Le taureau a-t-il la moindre chance lors d'une corrida?

En théorie non. Les six taureaux toréés dans l'arène sont sensés mourir. Mais une nuance doit immédiatement être apportée: la corrida moderne n'est pas qu'un combat et l'enjeu pour le taureau est différent de celui du torero. En-effet, le taureau charge pour tuer (question de défense du territoire sur laquelle je reviendrai je pense plus tard): son enjeu est de tuer ou d'être tué, comme dans tout combat qu'il livre dans son milieu naturel. Le torero, lui, doit donner un maximum de passes et pas n'importe comment: son enjeu est plus artistique. Et conséquemment la corrida moderne est plus dangereuse pour le torero qu'elle ne l'était il y a deux siècles et demi (quand le toreo à pied s'est affirmé). Avec un simple combat pour enjeu, muni d'un simple bâton coloré et d'une épée (sans les tercios de piques ou de banderilles), le torero n'avait besoin que d'une passe pour tuer le taureau et il n'était qu'exceptionnellement blessé. Ce n'est qu'après ce constat que le style qui fait la beauté et la popularité de la corrida d'aujourd'hui s'est affirmé peu à peu: aujourd'hui le danger est plus réel pour les toreros et de 20 à 30% des picadors meurent dans l'arène ou des suites de blessures reçues dans l'arène. De plus, la pratique de l'indulto (la grâce du taureau) est de plus en plus répandue aujourd'hui même si elle doit demeurer exceptionnelle et réservée à des taureaux vraiment supérieurs qui ont produit un spectacle particulièrement grandiose (l'indulto c'est la gloire suprême du torero, réservé aux seuls matadors dans des arènes très réputées [et encore: on n'en a jamais eu qu'un seul à Madrid: c'est plus répandu à Nîmes ou à Séville]...); les taureaux ont donc, de plus en plus, une chance de sen sortir vivants et de rentrer à la ganaderia...
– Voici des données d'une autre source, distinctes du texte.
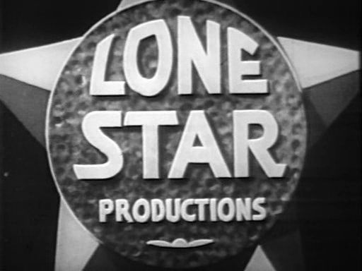 Snapshot from Riders of Destiny (1933), showing logo of Lone Star Production company created by Paul Malvern.
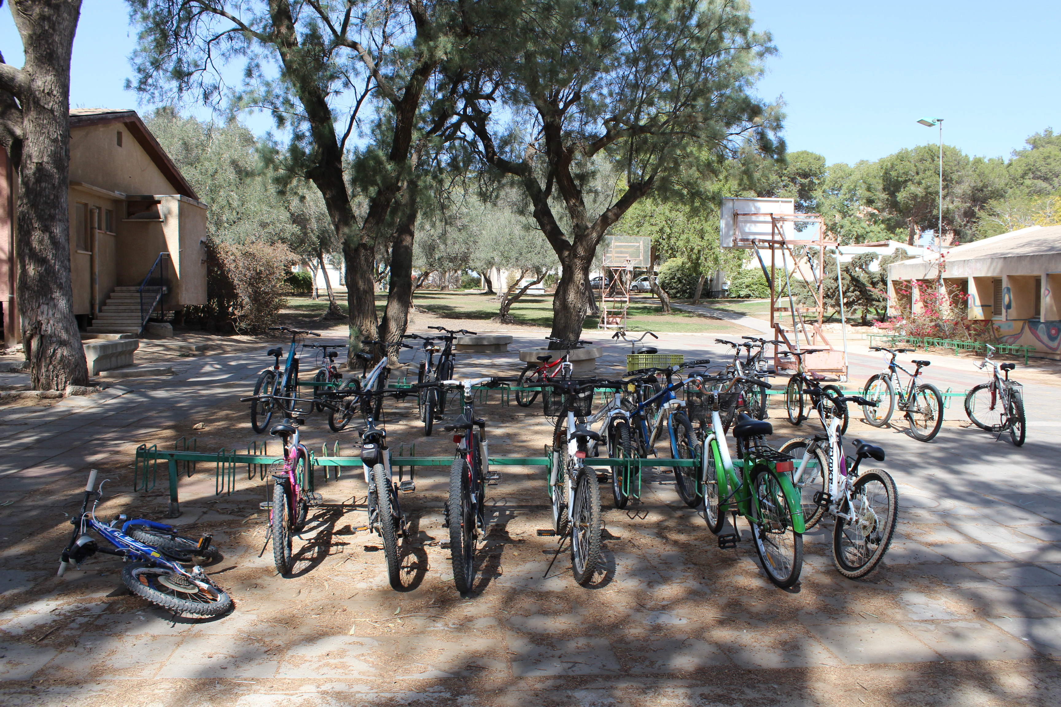 Kefar Aza Kibutz, Israel
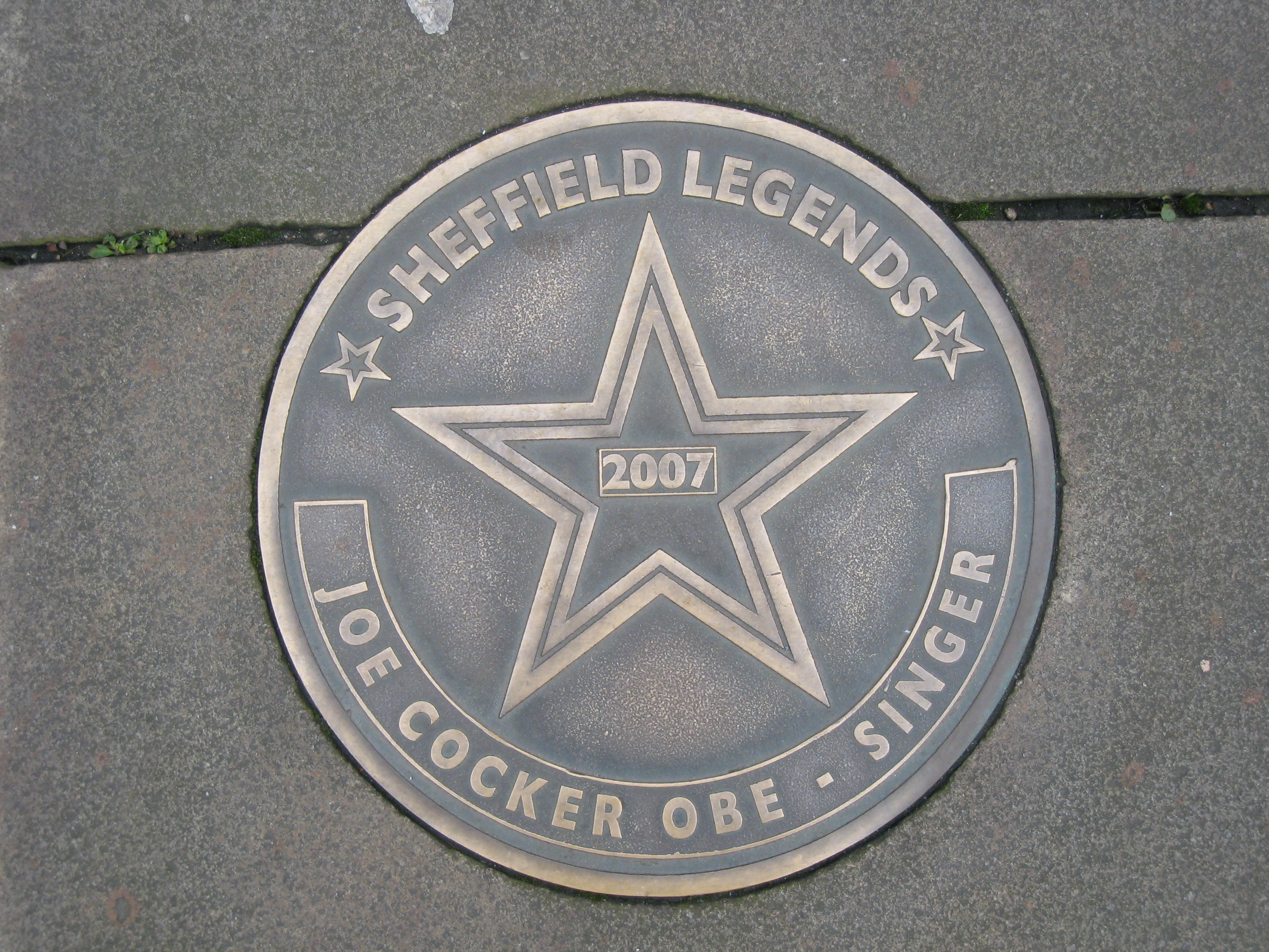 Commemorative star in the pavement outside Sheffield Town Hall: a "walk of fame" for people associated with the city. Joe Cocker.

La corrida massacre les taureaux.

Faux! La corrida a au contraire sauvé le toro bravo qui aurait disparu purement et simplement sans elle. Sur la population taurine actuelle, seuls 6% meurent dans l'arène. 15% ne sont pas acceptés par le troupeau à la naissance et meurent très vite, 15% encore sont tués lors de combats entre taureaux (le rôle des ganaderios est entre autres de limiter le plus possible le nombre de ces combats en écartant certains mâles les uns des autres: sans ça la camada disparaîtrait très vite...). Les autres sont soit destinés à devenir des sementales (ou "reproducteurs") après une sélection très serrée, soit envoyés participer à d'autres jeux taurins sans mise à mort. Il n'y a rien de commun entre la corrida et les massacres écologiques, tout au contraire! supprimer la corrida serait condamner purement et simplement non-seulement la race mais tout un écosystème fondé dans des lieux particuliers et étendus (les ganaderias) où le taureau est au sommet de la chaîne alimentaire...


Ais-je répondu à certaines de tes interrogations?..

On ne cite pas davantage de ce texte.